Analysis: World divided on new plan to combat global warming
Oct 2, 2011, 4:43 a.m.
By David Fogarty
SINGAPORE (Reuters) - A new plan to curb global warming risks becoming a battleground between rich and poor nations and could struggle to get off the ground as negotiators battle over the fate of the ailing Kyoto climate pact.
The 1997 Kyoto Protocol covers only emissions from rich nations that produce less than a third of mankind's carbon pollution and its first phase is due to expire end-2012. Poorer nations want it extended, while many rich countries say a broader pact is needed to include all big polluters.
Australia and Norway have proposed negotiations on a new agreement, but say it is unrealistic to expect that to be ready by 2013. They have set a target date two years later, in 2015.

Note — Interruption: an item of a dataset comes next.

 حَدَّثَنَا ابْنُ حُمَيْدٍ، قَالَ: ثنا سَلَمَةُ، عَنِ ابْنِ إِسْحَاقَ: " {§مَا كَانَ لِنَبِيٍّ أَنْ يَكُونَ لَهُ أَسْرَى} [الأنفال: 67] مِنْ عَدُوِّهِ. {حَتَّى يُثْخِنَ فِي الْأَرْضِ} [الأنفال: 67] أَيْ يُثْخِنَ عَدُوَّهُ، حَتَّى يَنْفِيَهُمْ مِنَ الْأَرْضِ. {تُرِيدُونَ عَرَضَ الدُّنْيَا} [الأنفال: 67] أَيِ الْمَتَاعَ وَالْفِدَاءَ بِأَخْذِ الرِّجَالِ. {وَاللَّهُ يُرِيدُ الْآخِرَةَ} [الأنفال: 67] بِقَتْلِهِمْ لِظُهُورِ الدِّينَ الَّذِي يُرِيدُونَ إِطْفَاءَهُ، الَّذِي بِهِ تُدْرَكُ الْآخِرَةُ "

"This is the only way ahead. There is no other way than failure," said a senior climate negotiator from a developed country on the Australia-Norway proposal, who declined to be named because of the sensitivity of the talks.

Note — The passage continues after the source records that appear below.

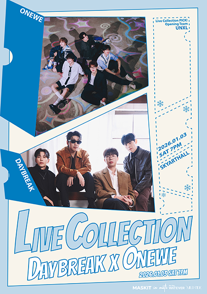 • 공연 일시: 2026년 1월 3일 (토) 19:00 • 공연 장소: 스카이아트홀 (서울특별시 강서구 화곡로63길 65) • 관람 등급: 만 6세 이상 • 티켓 가격: R석 110,000원, S석 99,000원 • 장르: 대중음악 ONEWE와 DAYBREAK의 합동 공연 Live Collection이 스카이아트홀에서 개최됩니다. KOPIS 공연예술통합전산망 제공 정보이며, 예매는 공식 예매처를 통해 진행됩니다.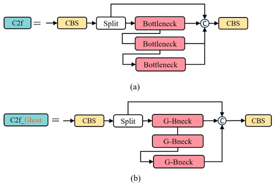 Therefore, this study utilizes the efficient GhostBottleNeck module to replace the BottleNeck module in the C2f module, constructing a new module, C2f_Ghost. This allows the model to maintain detection accuracy and speed while having less computational load. The C2f_Ghost module is shown in Figure 8.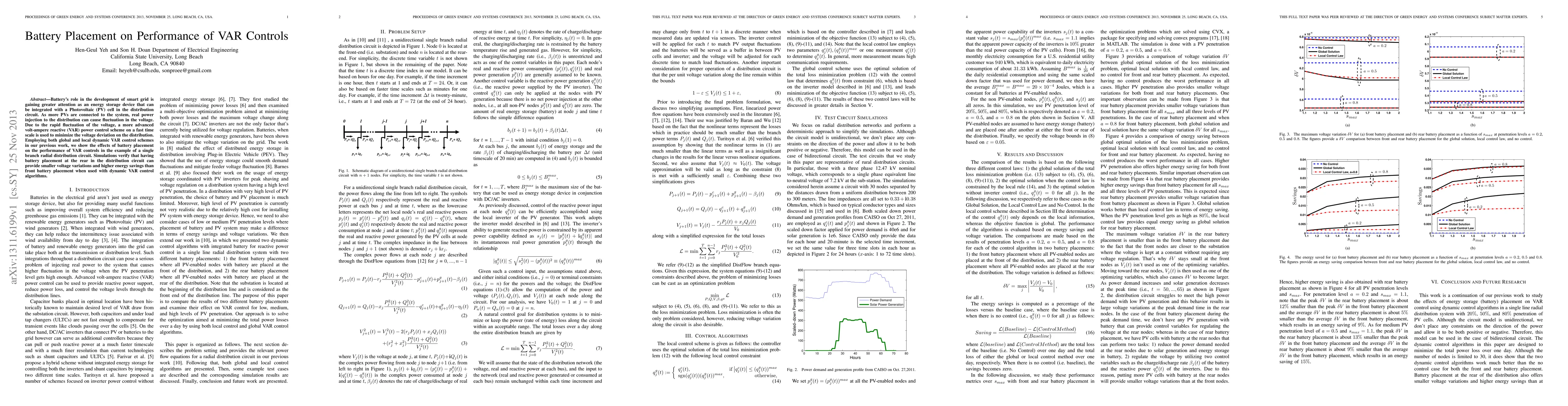 Battery's role in the development of smart grid is gaining greater attention as an energy storage device that can be integrated with a Photovoltaic (PV) cell in the distribution circuit. As more PVs are connected to the system, real power injection to the distribution can cause fluctuation in the voltage. Due to the rapid fluctuation of the voltage, a more advanced volt-ampere reactive (VAR) power control scheme on a fast time scale is used to minimize the voltage deviation on the distribution. Employing both global and local dynamic VAR control schemes in our previous work, we show the effects of battery placement on the performance of VAR controls in the example of a single branch radial distribution circuit. Simulations verify that having battery placement at the rear in the distribution circuit can provide smaller voltage variations and higher energy savings than front battery placement when used with dynamic VAR control algorithms.

Developing nations insist Kyoto be extended to commit rich countries to tougher carbon cuts and fiercely resist any attempts to side-line the world's main climate pact, meaning the Australia-Norway plan faces a tough time .
Failure to agree on a new climate deal could lead to nations committing only to voluntary steps that are unlikely to put the brakes on climate change, risking more extreme droughts, floods, storms and crop failures. It would also weaken efforts to put in place tough policies to promote cleaner fuels and green energy.
The proposal calls on major economies to quickly strengthen steps to curb emissions, agree on a way to standardize actions and a system to compare and verify what everyone else is doing.
Marathon U.N.-led climate talks failed to meet a 2009 deadline to agree a new pact to start in 2013 and a major conference in Durban, South Africa, in two months is under pressure to launch a process to negotiate a new treaty.
As negotiators haggle, data show the world is heating up, as emissions, particularly from big developing nations, keep growing from burning more coal, oil and gas.
Scientists say floods similar to those that left millions homeless in Pakistan last year and ravaged parts of Australia, could become more common, along with more intense Atlantic hurricanes and wildfires.
The United States has already tied its yearly record for billion-dollar weather disasters and the cumulative tab from floods, tornadoes and heat waves this year has hit $35 billion, the National Weather Service said in mid-August.
That doesn't include billions in losses and disaster relief from Hurricane Irene , which struck in late August.
All this throws the spotlight on emissions curbs by the world's major economies and the fact that these are not enough. When Kyoto was agreed, emissions from poorer nations were much smaller. Now they dwarf those of rich countries.
At the least, the talks need to restore faith that countries can do more to fight global warming.
"We need to push away from this annual cycle of what are we going to achieve into a more realistic timeline of when can we achieve a new agreement. My sense is that none of the negotiators disagree with that. It's obvious," said the senior delegate.